WHAT IS EXPECTED =
Write out again the lines from the line with "Latarnie, Grafika AI, Most, Ośnieżony, Zima" up to and including the line with "I'm sure you've", exactly as they stand below, and skip any picture.

RECORDS FOR THE EXERCISE =

—————

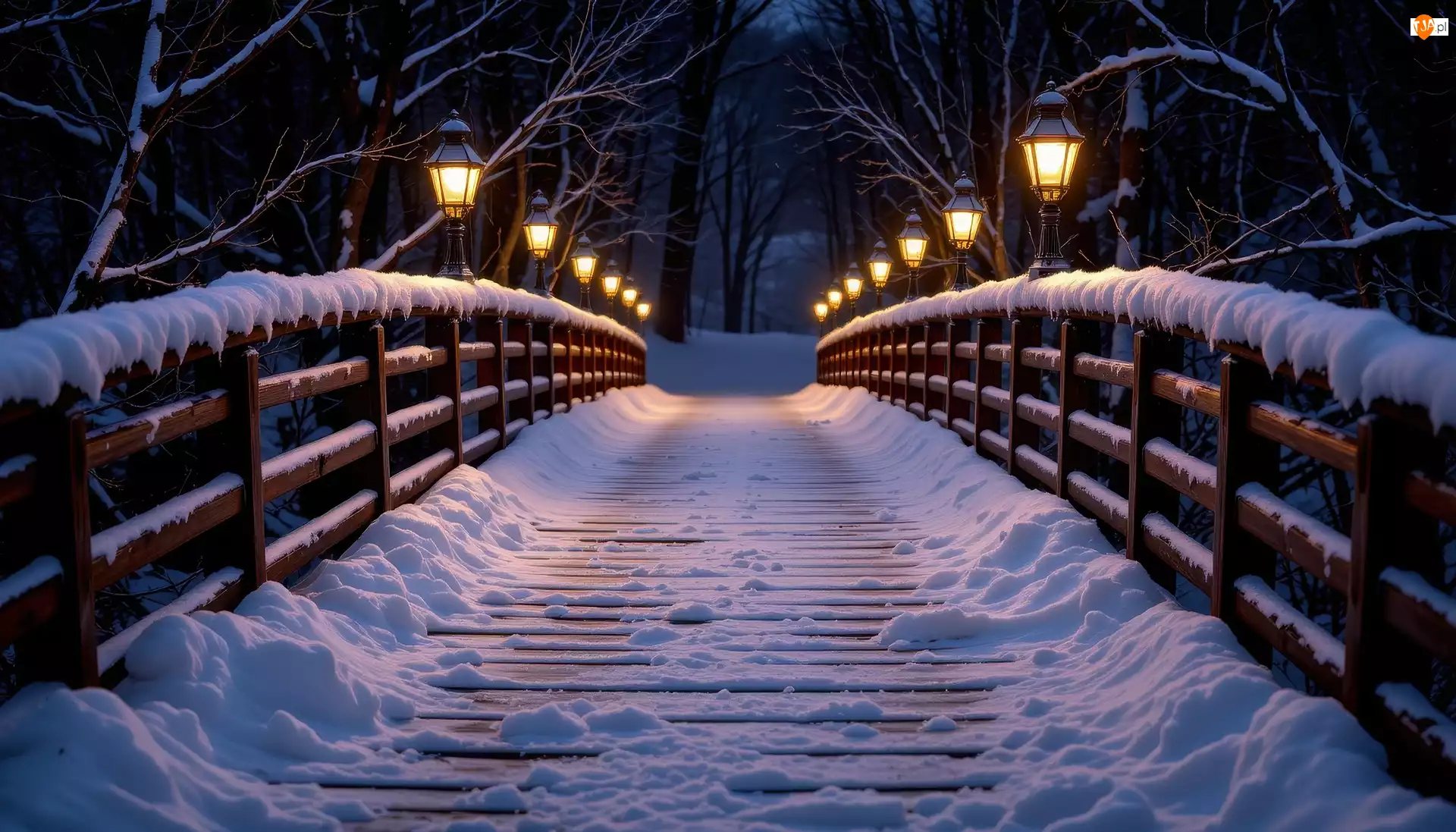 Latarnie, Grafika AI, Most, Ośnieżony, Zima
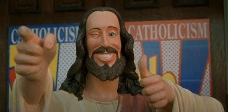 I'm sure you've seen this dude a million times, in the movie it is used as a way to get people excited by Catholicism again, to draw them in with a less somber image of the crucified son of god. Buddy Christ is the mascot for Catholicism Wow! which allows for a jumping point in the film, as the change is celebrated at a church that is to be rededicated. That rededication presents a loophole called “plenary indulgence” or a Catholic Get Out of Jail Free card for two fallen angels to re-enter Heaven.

—————

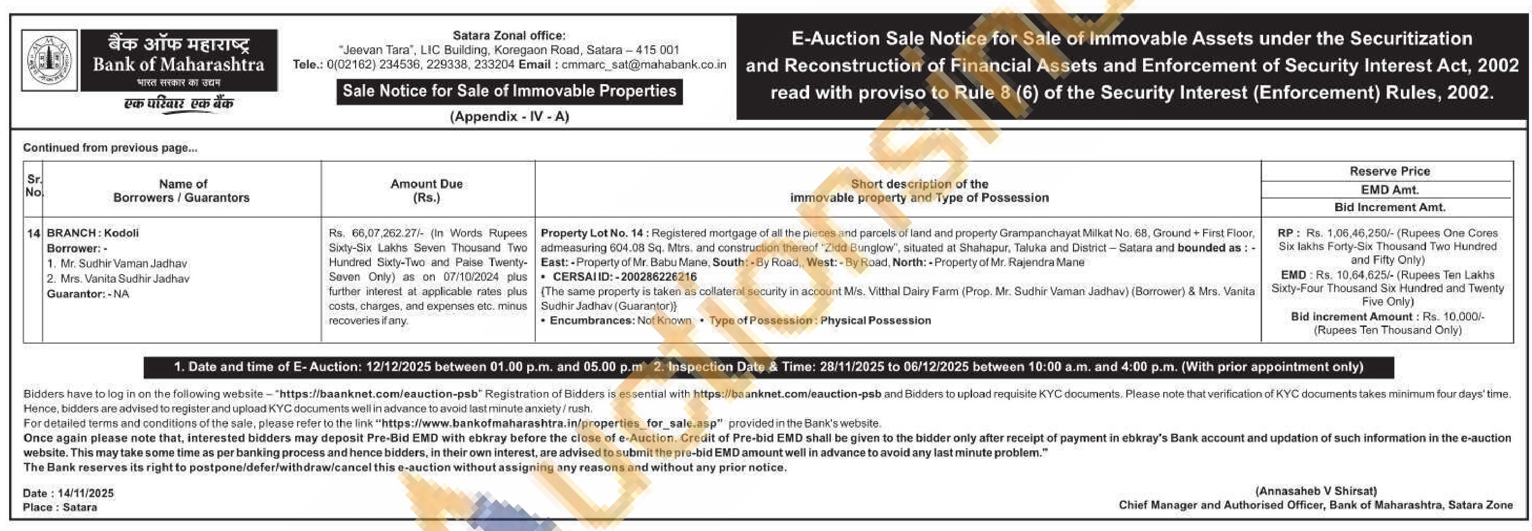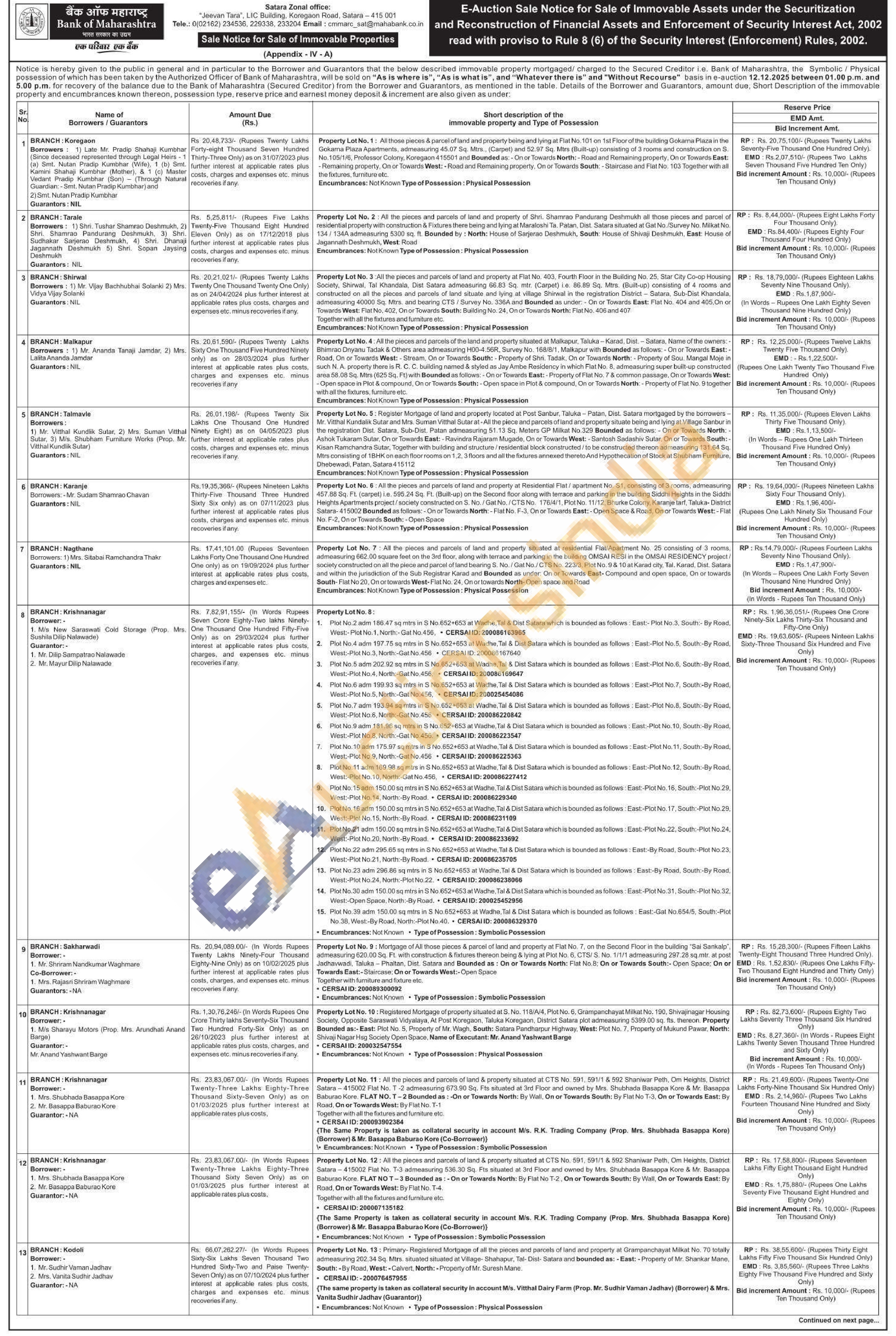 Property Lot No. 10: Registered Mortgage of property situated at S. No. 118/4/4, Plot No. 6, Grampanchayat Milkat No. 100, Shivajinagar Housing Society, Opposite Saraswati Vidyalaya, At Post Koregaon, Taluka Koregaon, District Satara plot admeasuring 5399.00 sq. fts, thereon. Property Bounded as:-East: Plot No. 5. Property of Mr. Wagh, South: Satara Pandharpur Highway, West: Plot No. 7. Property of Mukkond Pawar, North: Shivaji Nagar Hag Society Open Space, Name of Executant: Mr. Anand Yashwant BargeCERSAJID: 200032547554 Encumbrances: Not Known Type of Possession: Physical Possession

—————

OUTPUT OF THE TASK =
 Latarnie, Grafika AI, Most, Ośnieżony, Zima
 I'm sure you've seen this dude a million times, in the movie it is used as a way to get people excited by Catholicism again, to draw them in with a less somber image of the crucified son of god. Buddy Christ is the mascot for Catholicism Wow! which allows for a jumping point in the film, as the change is celebrated at a church that is to be rededicated. That rededication presents a loophole called “plenary indulgence” or a Catholic Get Out of Jail Free card for two fallen angels to re-enter Heaven.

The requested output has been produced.